▶ **Given data**:
+ + +
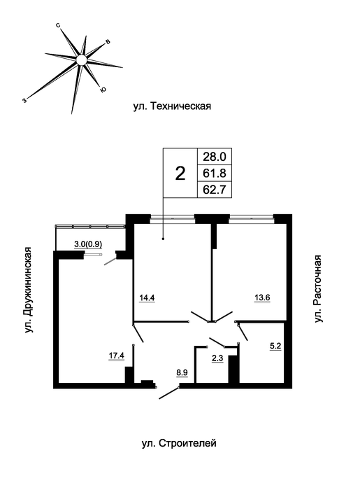 Общая площадь:60.6 м2
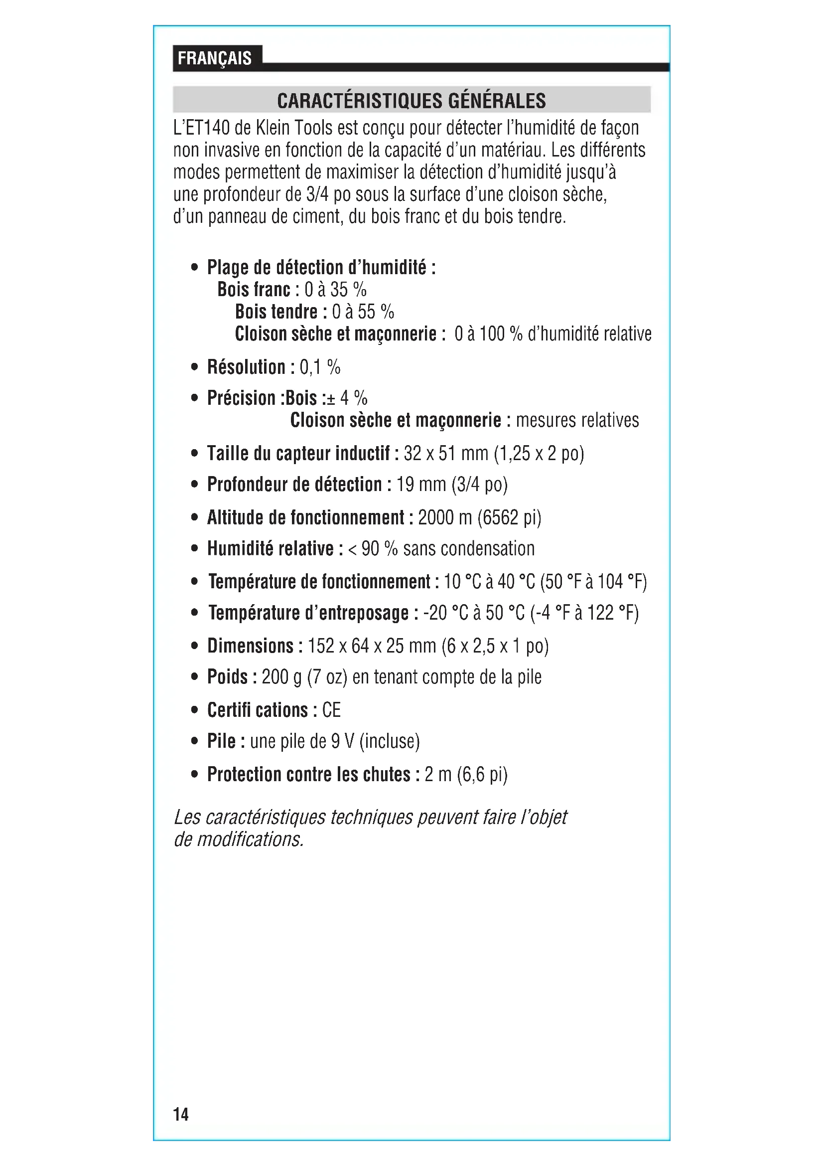- Plage de détection d’humidité: Bois franc: 0 à 35% Bois tendre: 0 à 55% Cloison sèche et maçonnerie: 0 à 100% d’humidité relative
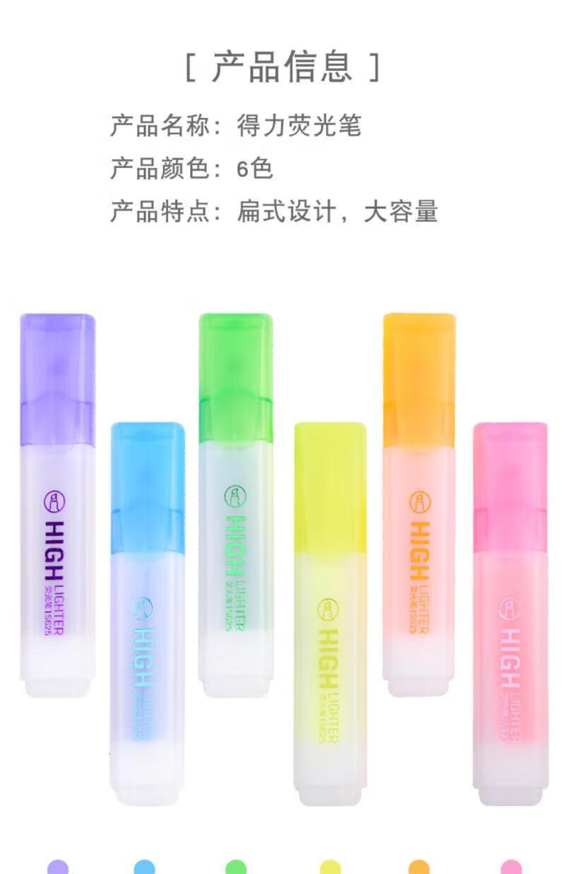 电脑、办公  > 文具  > 笔类  >  得力/deli  >  得力s625大容量单头荧光笔学生用重点标记笔彩色记号笔涂鸦笔混色 蓝色 10支 S625/支
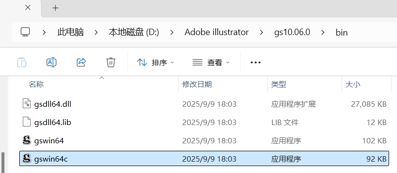 此时我们点击“确定”,手动定位 gswin64c.exe 的安装路径。gswin64c.exe 的位置在Ghostscript安装文件夹的bin文件夹下,如我的文件在D:\Adobe illustrator\gs10.06.0\bin\gswin64c.exe
+ + +
▶ **Brief**: Your copy should match the data exactly, apart from the images, which are dropped.

▶ **Output below**:
 Общая площадь:60.6 м2
- Plage de détection d’humidité: Bois franc: 0 à 35% Bois tendre: 0 à 55% Cloison sèche et maçonnerie: 0 à 100% d’humidité relative
 电脑、办公  > 文具  > 笔类  >  得力/deli  >  得力s625大容量单头荧光笔学生用重点标记笔彩色记号笔涂鸦笔混色 蓝色 10支 S625/支
 此时我们点击“确定”,手动定位 gswin64c.exe 的安装路径。gswin64c.exe 的位置在Ghostscript安装文件夹的bin文件夹下,如我的文件在D:\Adobe illustrator\gs10.06.0\bin\gswin64c.exe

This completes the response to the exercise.